I ran some tests and scanning diagnostics settings for 260000 resources can take about 20 minutes. After that each subscription scan can take about 2 or 3 minutes more.
Please note that using a Managed Identity or a Service Principal, instead of Azure CLI improves performance due to token caching.
Hello, running with ".\azqr.exe scan --mask=false -c=false -f" I receive this:
2024-08-22T11:03:34+02:00 INF Scanning subscriptions for Diagnostic Settings 2024-08-22T11:03:48+02:00 FTL Failed to get diagnostic settings error="POST https://management.azure.com/batch\n--------------------------------------------------------------------------------\nRESPONSE 429: 429 Too Many Requests\nERROR CODE: TenantRequestsThrottled\n--------------------------------------------------------------------------------\n{\n \"error\": {\n \"code\": \"TenantRequestsThrottled\",\n \"message\": \"Number of 'read' requests for tenant actor 'xxxx-xxxxx-xxxxx-xxxxx-xxxxx' exceeded. Please try again after '5' seconds after additional tokens are available. Refer to https://aka.ms/arm-throttling for additional information.\"\n }\n}\n--------------------------------------------------------------------------------\n"
Regards, Red.
It only works with --azqr=false
Hello, running with ".\azqr.exe scan --mask=false -c=false -f" I receive this:
2024-08-22T11:03:34+02:00 INF Scanning subscriptions for Diagnostic Settings 2024-08-22T11:03:48+02:00 FTL Failed to get diagnostic settings error="POST https://management.azure.com/batch\n--------------------------------------------------------------------------------\nRESPONSE 429: 429 Too Many Requests\nERROR CODE: TenantRequestsThrottled\n--------------------------------------------------------------------------------\n{\n "error": {\n "code": "TenantRequestsThrottled",\n "message": "Number of 'read' requests for tenant actor 'xxxx-xxxxx-xxxxx-xxxxx-xxxxx' exceeded. Please try again after '5' seconds after additional tokens are available. Refer to https://aka.ms/arm-throttling for additional information."\n }\n}\n--------------------------------------------------------------------------------\n"
Regards, Red.
I'll keep testing, I didn't get throttled yesterday while I runing some tests.
The reason disabling azqr
works is because that disables diagnostic settings checks.

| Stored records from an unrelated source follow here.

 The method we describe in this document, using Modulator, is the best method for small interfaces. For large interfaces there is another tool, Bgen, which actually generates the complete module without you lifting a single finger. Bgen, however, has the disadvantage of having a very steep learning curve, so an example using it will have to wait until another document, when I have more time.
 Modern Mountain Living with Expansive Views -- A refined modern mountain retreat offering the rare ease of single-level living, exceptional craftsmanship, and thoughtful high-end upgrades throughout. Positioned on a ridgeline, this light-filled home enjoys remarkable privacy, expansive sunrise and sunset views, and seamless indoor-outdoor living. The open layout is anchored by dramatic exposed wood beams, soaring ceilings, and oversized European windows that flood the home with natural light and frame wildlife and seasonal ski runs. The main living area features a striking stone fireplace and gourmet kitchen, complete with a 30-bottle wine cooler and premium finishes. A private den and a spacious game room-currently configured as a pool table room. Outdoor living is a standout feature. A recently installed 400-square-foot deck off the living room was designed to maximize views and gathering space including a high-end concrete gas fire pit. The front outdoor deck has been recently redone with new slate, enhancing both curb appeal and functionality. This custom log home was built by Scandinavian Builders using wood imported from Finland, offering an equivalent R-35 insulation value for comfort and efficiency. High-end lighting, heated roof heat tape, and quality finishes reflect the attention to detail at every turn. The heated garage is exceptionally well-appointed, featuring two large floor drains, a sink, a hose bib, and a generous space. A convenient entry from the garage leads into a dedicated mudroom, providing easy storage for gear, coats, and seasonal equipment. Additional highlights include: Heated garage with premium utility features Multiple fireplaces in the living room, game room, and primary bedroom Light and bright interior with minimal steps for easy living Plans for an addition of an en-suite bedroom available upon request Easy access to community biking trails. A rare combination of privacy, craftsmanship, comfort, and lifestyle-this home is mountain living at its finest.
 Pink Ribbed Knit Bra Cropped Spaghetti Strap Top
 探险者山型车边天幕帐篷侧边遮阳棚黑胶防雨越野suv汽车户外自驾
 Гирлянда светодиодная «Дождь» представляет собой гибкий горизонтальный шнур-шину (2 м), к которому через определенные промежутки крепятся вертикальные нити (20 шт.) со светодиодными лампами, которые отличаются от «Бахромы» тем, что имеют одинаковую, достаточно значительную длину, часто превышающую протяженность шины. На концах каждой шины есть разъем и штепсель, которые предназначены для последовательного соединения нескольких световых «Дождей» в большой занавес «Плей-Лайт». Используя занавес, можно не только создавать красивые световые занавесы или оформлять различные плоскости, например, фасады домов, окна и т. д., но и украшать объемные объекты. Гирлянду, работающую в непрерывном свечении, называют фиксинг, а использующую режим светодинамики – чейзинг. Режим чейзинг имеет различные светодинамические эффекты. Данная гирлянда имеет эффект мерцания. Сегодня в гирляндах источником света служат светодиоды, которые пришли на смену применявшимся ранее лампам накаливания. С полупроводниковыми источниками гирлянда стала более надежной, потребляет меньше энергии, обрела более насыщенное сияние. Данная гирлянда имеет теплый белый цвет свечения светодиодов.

I'll release 2.0.0-preview.7 shortly.
Preview7 seems to be working fine, with all required parameters (without disabling AZQR) . Thanks.
Red.
That is great news! @red-erik thanks for your feedback! Out of curiosity how long did the scan take?

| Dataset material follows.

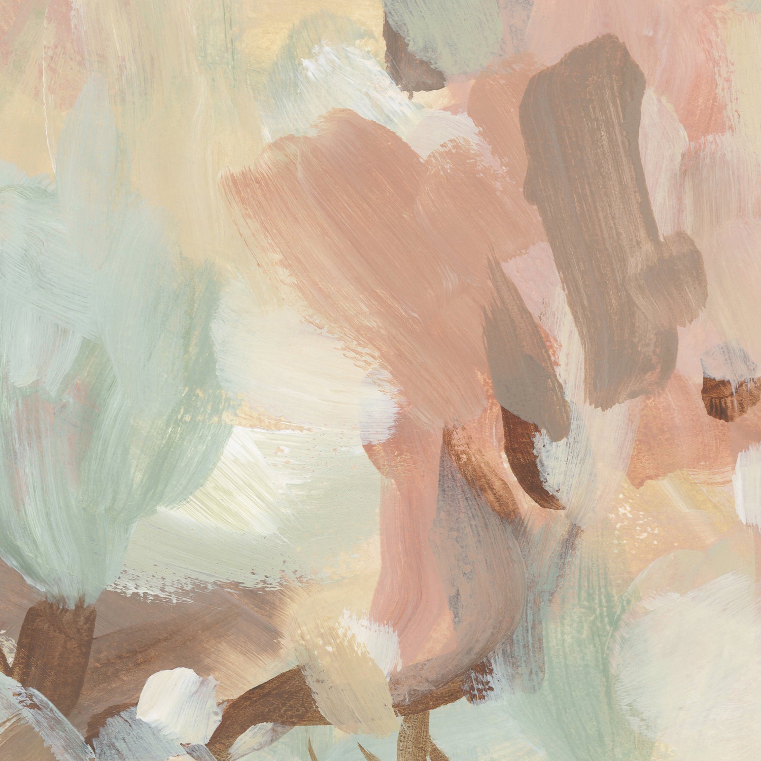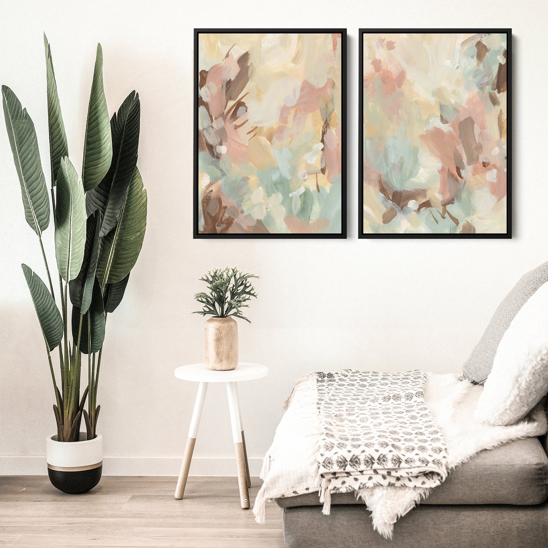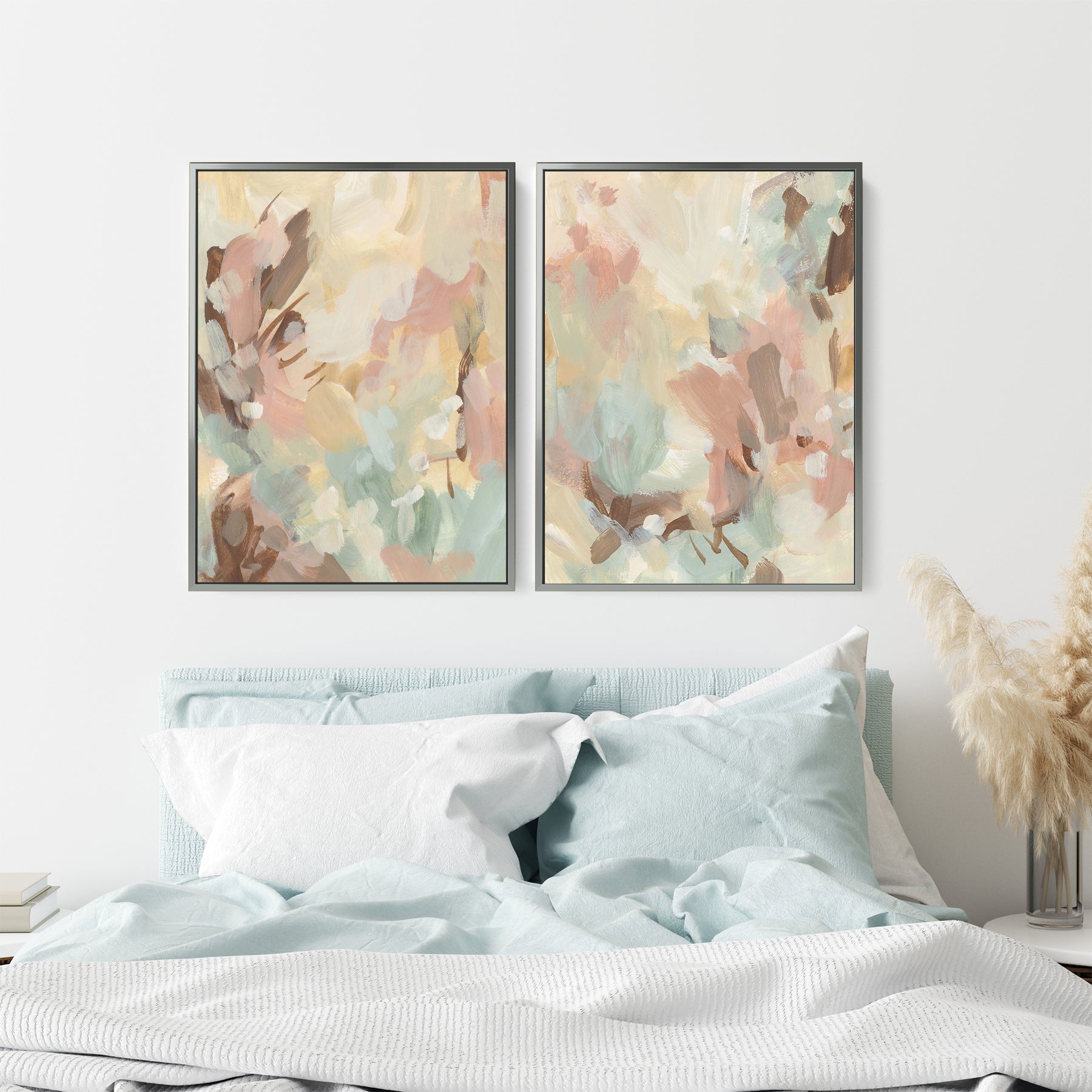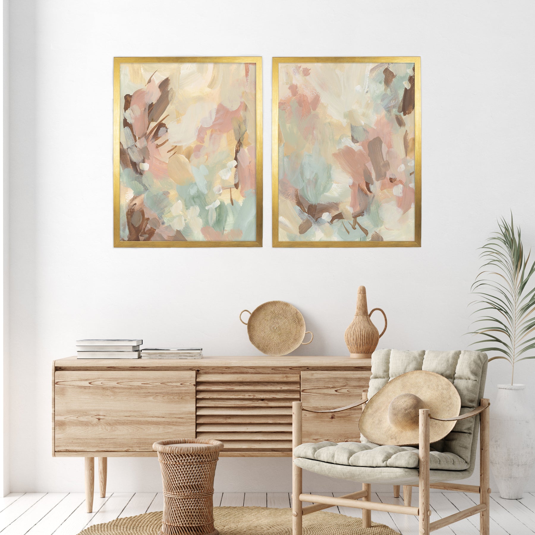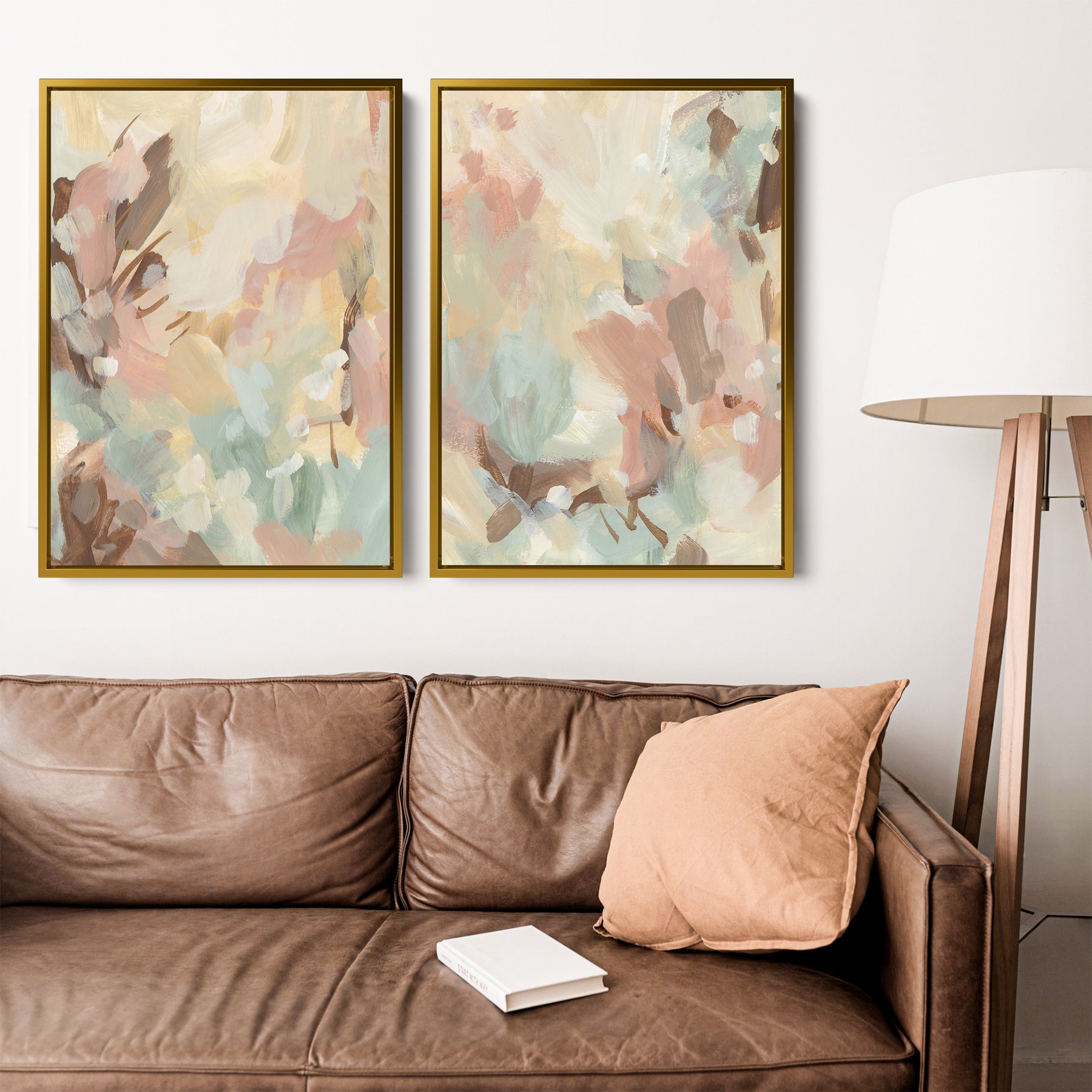 "Where the Wind Runs Diptych" is a vertically oriented two-piece abstract painting set in tones of golden tan, dusty blush, sage green, warm beige, dark brown and terracotta.

started 2024-08-26T09:45:37+02:00 INF Scanning subscriptions for Microsoft.Automation/automationAccounts now 2024-08-26T10:50:24+02:00 INF Generating Report: azqr_action_plan_2024_08_26_T094535.xlsx and still waiting for the file. Should the pbit be generated too ?
The pbit
file is no longer generated and populated automatically (it was a maintenance nightmare). But you can now run:
azqr pbi -p .
which will create the pbit
file in the current folder. Then open it and select the xslx
result from the scan as the source for the dashboard.
Expected Behavior
Scanning large environments should work without issues
Actual Behavior
Scanning large environments exit with the following exception:
FTL Failed to get diagnostic settings error="Post "[https://management.azure.com/batch?api-version=2020-06-01\](https://management.azure.com/batch?api-version=2020-06-01%5C)": dial tcp [2603:1030:a0c::10]:443: bind: An operation on a socket could not be performed because the system lacked sufficient buffer space or because a queue was full."